* _PROBLEM REQUIREMENTS_
Give back exactly the lines from the start of the entries below to the line holding "Sweden. Facit 52", that line included, and leave every picture out.

* _RECORDS SUPPLIED_
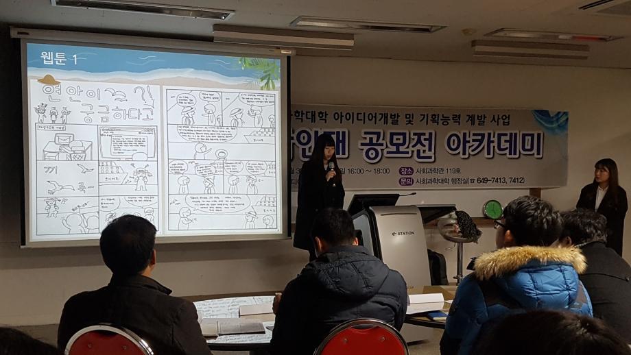 사회과학대학에서 운영하는 공모전 아카데미의 마지막 과정인 프레젠테이션 경진대회가 진행되었다.
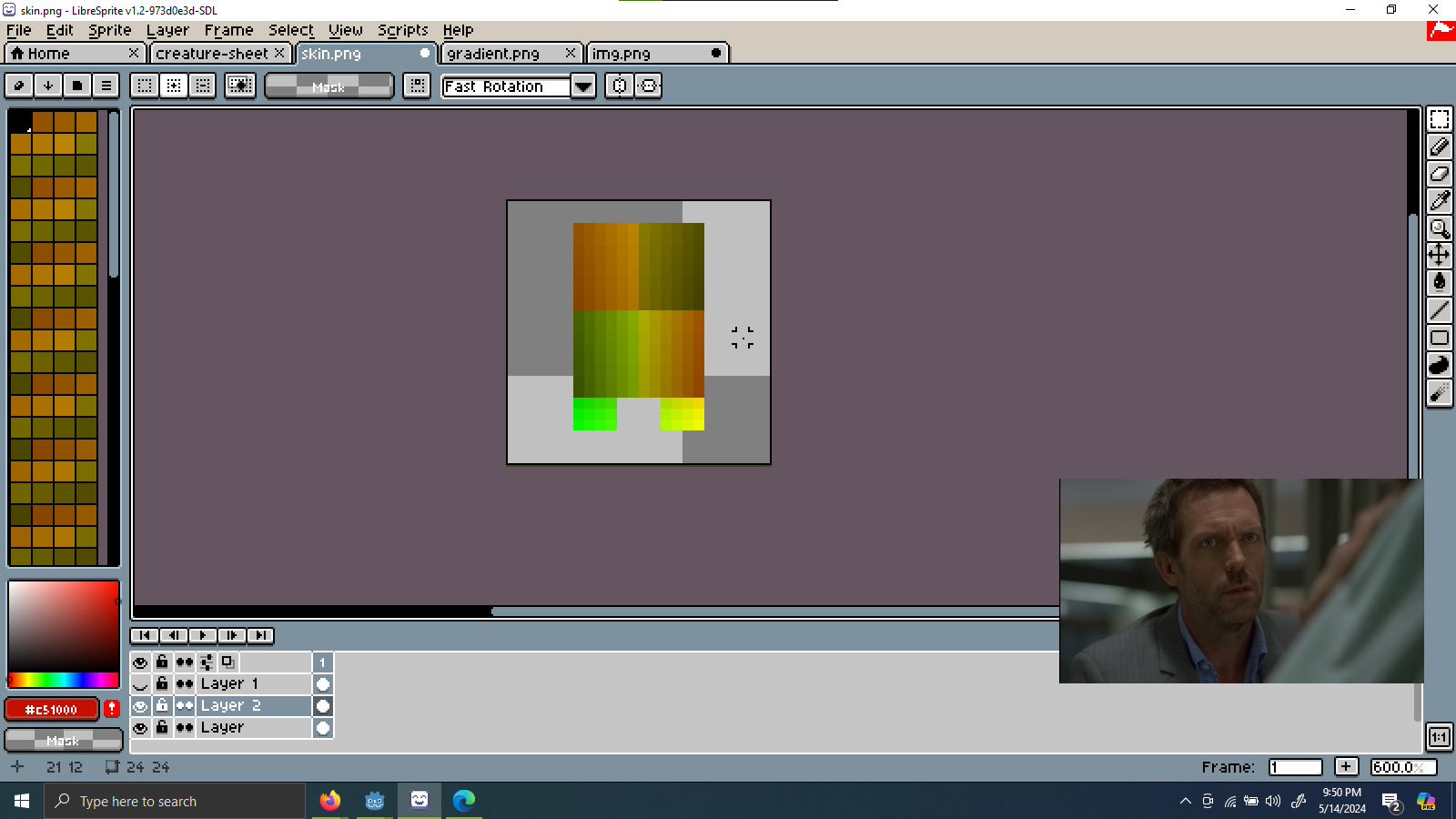 vec4 color = texture(Skin, scaledUV); // collect the rgba from the ‘skin’ sprite based on the scaledUV
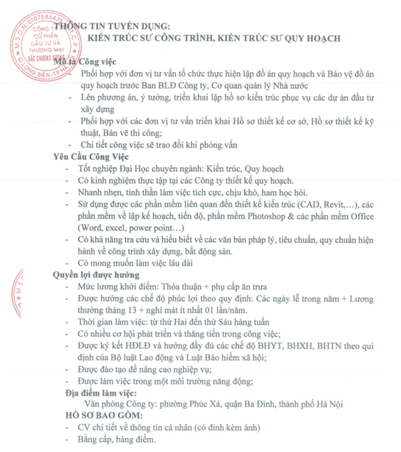 [Tuyển dụng] Công ty CPĐT và xây dựng Phương Thành
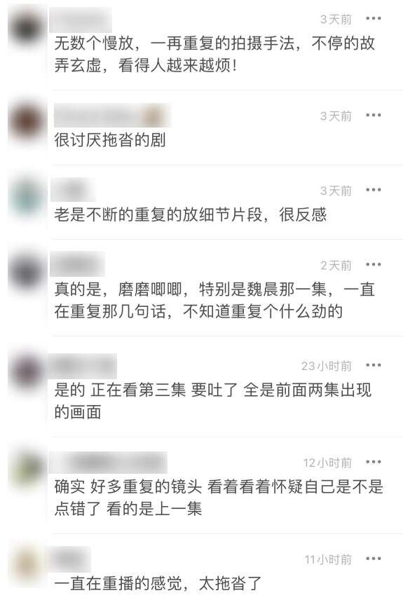 用力过猛另一个鲜明的标志是,剧集一再出现重复性桥段,上一集刚播完这个桥段,下一集冷不丁又播了一遍,个别镜头甚至出现三四遍,以至于有观众吐槽:以为自己看错集数了。重复剪辑为的是揭示不同的信息量,这个意图固然可以理解,可惜的是,相同桥段换个机位重复播放是比较笨拙的手法,因为找不到更高效的传递信息的方法,主创者只能冒着稀释节奏、降低叙事效率的风险,换个机位、加点台词播放已经播过的桥段。而且,这个三板斧用得过于频繁了,第三集过后几乎每一集都要来一点重复剪辑,其结果是五集过后,叙事几乎没有什么实质性的推进。
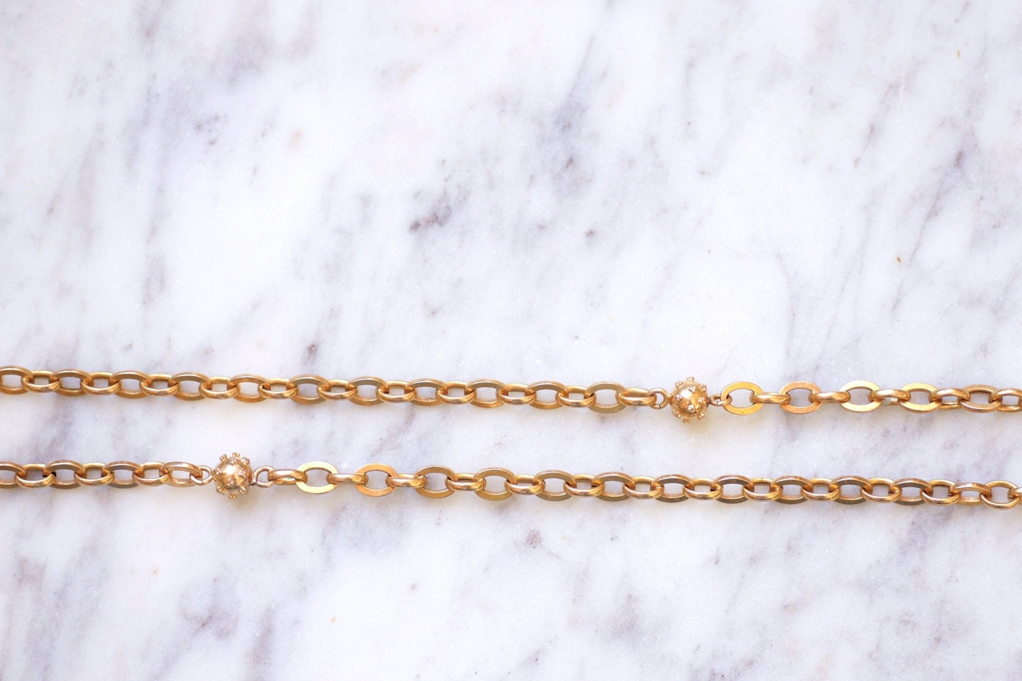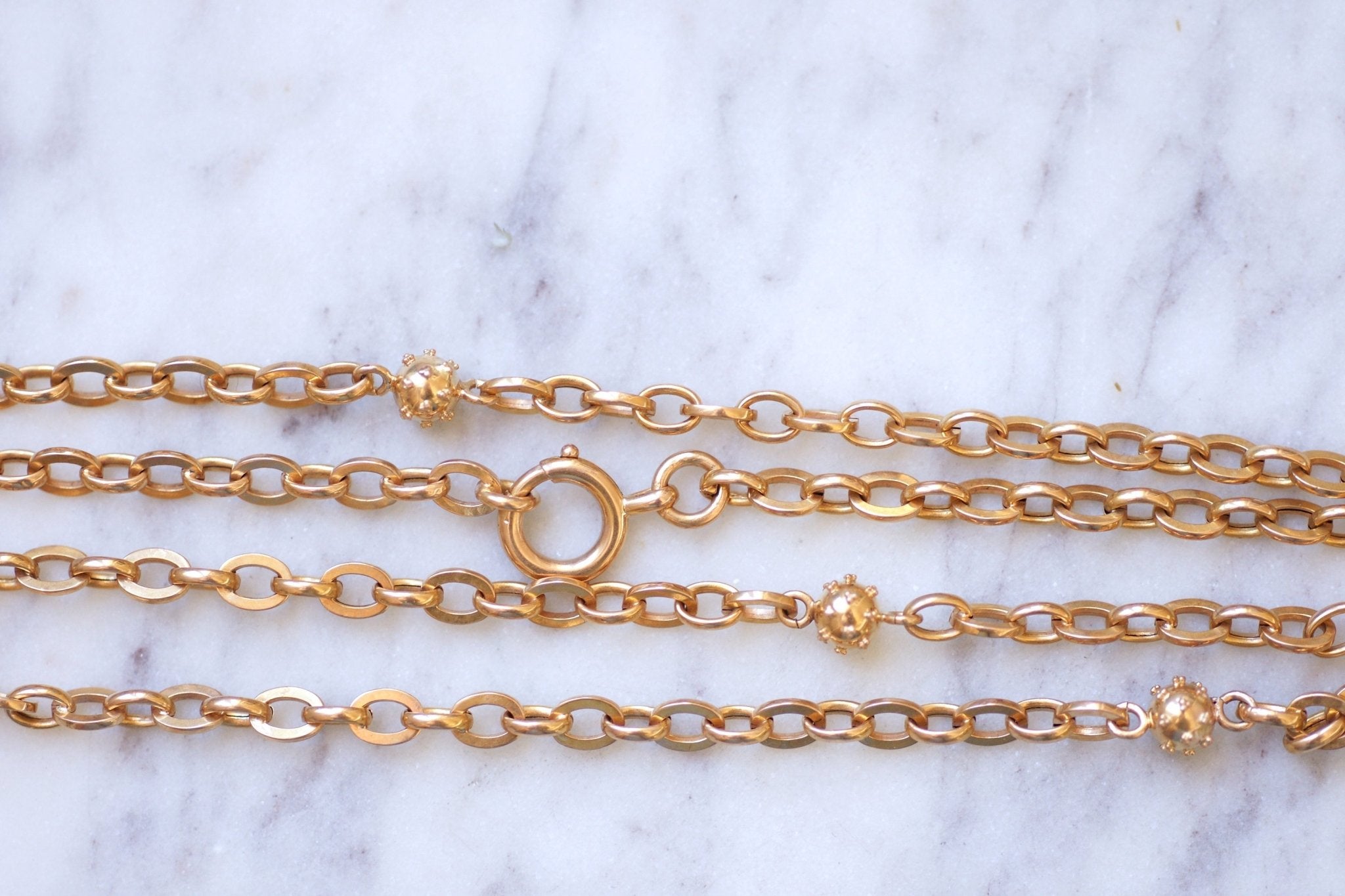 Superbe sautoir, longue chaine maille jaseron ancienne, en or rose 18Kt (poinçon: hibou), orné de délicates boules d'or.
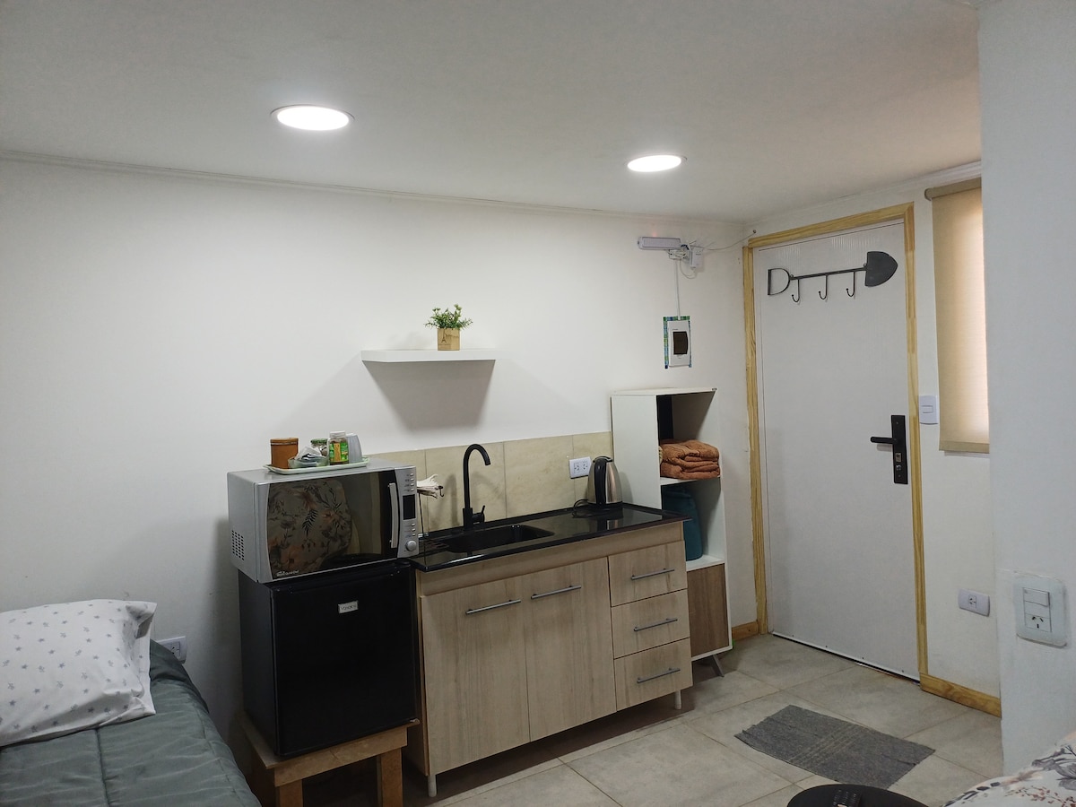 Disfruta de la sencillez de este alojamiento tranquilo y céntrico. Excelente para descanso con todas las comodidades! Luminoso y calido, equipado para dos personas. Muy cercano a comercios, oficinas y bares de la ciudad.
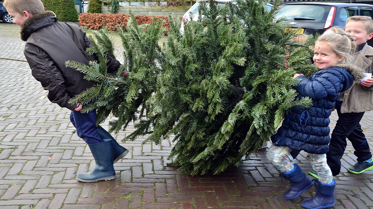 VIDEO: Anjumer kinderen slepen kerstbomen
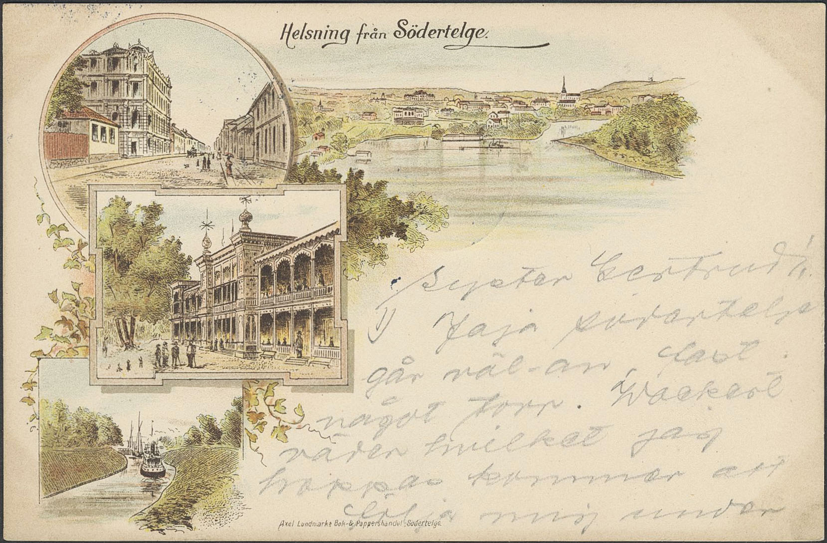Sweden. Facit 52 on picture postcard, Gruss Aus. Södertelge, "Helsning från", used card sent from SÖDERTELJE 23.8.1901 to STOCKHOLM 5.TUR 23.8.1901.
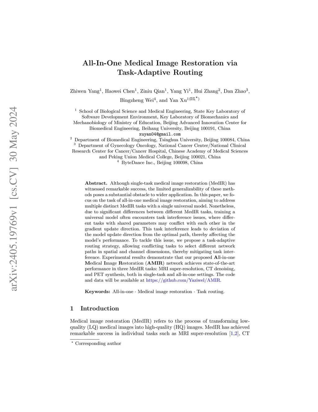 Although single-task medical image restoration (MedIR) has witnessed remarkable success, the limited generalizability of these methods poses a substantial obstacle to wider application. In this paper, we focus on the task of all-in-one medical image restoration, aiming to address multiple distinct MedIR tasks with a single universal model. Nonetheless, due to significant differences between different MedIR tasks, training a universal model often encounters task interference issues, where different tasks with shared parameters may conflict with each other in the gradient update direction. This task interference leads to deviation of the model update direction from the optimal path, thereby affecting the model's performance. To tackle this issue, we propose a task-adaptive routing strategy, allowing conflicting tasks to select different network paths in spatial and channel dimensions, thereby mitigating task interference. Experimental results demonstrate that our proposed \textbf{A}ll-in-one \textbf{M}edical \textbf{I}mage \textbf{R}estoration (\textbf{AMIR}) network achieves state-of-the-art performance in three MedIR tasks: MRI super-resolution, CT denoising, and PET synthesis, both in single-task and all-in-one settings. The code and data will be available at \href{https://github.com/Yaziwel/All-In-One-Medical-Image-Restoration-via-Task-Adaptive-Routing.git}{https://github.com/Yaziwel/AMIR}.

* _SOLUTION BELOW_
 사회과학대학에서 운영하는 공모전 아카데미의 마지막 과정인 프레젠테이션 경진대회가 진행되었다.
 vec4 color = texture(Skin, scaledUV); // collect the rgba from the ‘skin’ sprite based on the scaledUV
 [Tuyển dụng] Công ty CPĐT và xây dựng Phương Thành
 用力过猛另一个鲜明的标志是,剧集一再出现重复性桥段,上一集刚播完这个桥段,下一集冷不丁又播了一遍,个别镜头甚至出现三四遍,以至于有观众吐槽:以为自己看错集数了。重复剪辑为的是揭示不同的信息量,这个意图固然可以理解,可惜的是,相同桥段换个机位重复播放是比较笨拙的手法,因为找不到更高效的传递信息的方法,主创者只能冒着稀释节奏、降低叙事效率的风险,换个机位、加点台词播放已经播过的桥段。而且,这个三板斧用得过于频繁了,第三集过后几乎每一集都要来一点重复剪辑,其结果是五集过后,叙事几乎没有什么实质性的推进。
 Superbe sautoir, longue chaine maille jaseron ancienne, en or rose 18Kt (poinçon: hibou), orné de délicates boules d'or.
 Disfruta de la sencillez de este alojamiento tranquilo y céntrico. Excelente para descanso con todas las comodidades! Luminoso y calido, equipado para dos personas. Muy cercano a comercios, oficinas y bares de la ciudad.
 VIDEO: Anjumer kinderen slepen kerstbomen
Sweden. Facit 52 on picture postcard, Gruss Aus. Södertelge, "Helsning från", used card sent from SÖDERTELJE 23.8.1901 to STOCKHOLM 5.TUR 23.8.1901.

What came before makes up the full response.